Problem statement: Nothing outside the range below should be printed. Output exactly the lines from the line with "ainsi qu'une notice." to the line with "Centre ville. Belle", both included.

Records for this task:
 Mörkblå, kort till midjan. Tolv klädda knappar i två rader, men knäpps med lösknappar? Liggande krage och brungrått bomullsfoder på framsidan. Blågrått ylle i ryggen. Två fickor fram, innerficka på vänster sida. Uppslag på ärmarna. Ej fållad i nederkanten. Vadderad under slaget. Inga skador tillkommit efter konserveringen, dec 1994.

--

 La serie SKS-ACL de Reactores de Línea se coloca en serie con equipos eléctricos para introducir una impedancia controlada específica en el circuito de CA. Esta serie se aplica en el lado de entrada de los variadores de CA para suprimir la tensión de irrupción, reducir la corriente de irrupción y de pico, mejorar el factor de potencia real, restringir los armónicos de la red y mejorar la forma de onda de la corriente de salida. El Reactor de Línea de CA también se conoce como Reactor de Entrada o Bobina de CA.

---

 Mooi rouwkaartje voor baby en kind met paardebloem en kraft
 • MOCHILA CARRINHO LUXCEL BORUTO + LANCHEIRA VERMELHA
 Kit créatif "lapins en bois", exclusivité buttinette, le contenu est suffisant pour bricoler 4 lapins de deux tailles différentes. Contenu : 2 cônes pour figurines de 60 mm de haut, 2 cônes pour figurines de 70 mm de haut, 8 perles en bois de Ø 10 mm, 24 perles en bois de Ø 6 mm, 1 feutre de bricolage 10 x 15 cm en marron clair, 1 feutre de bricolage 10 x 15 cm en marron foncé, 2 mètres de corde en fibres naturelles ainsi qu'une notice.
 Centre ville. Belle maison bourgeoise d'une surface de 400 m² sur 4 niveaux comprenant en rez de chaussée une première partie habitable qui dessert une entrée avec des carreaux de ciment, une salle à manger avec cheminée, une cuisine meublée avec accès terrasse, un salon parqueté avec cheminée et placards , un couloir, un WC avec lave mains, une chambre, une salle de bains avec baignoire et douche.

Response box:
 Kit créatif "lapins en bois", exclusivité buttinette, le contenu est suffisant pour bricoler 4 lapins de deux tailles différentes. Contenu : 2 cônes pour figurines de 60 mm de haut, 2 cônes pour figurines de 70 mm de haut, 8 perles en bois de Ø 10 mm, 24 perles en bois de Ø 6 mm, 1 feutre de bricolage 10 x 15 cm en marron clair, 1 feutre de bricolage 10 x 15 cm en marron foncé, 2 mètres de corde en fibres naturelles ainsi qu'une notice.
 Centre ville. Belle maison bourgeoise d'une surface de 400 m² sur 4 niveaux comprenant en rez de chaussée une première partie habitable qui dessert une entrée avec des carreaux de ciment, une salle à manger avec cheminée, une cuisine meublée avec accès terrasse, un salon parqueté avec cheminée et placards , un couloir, un WC avec lave mains, une chambre, une salle de bains avec baignoire et douche.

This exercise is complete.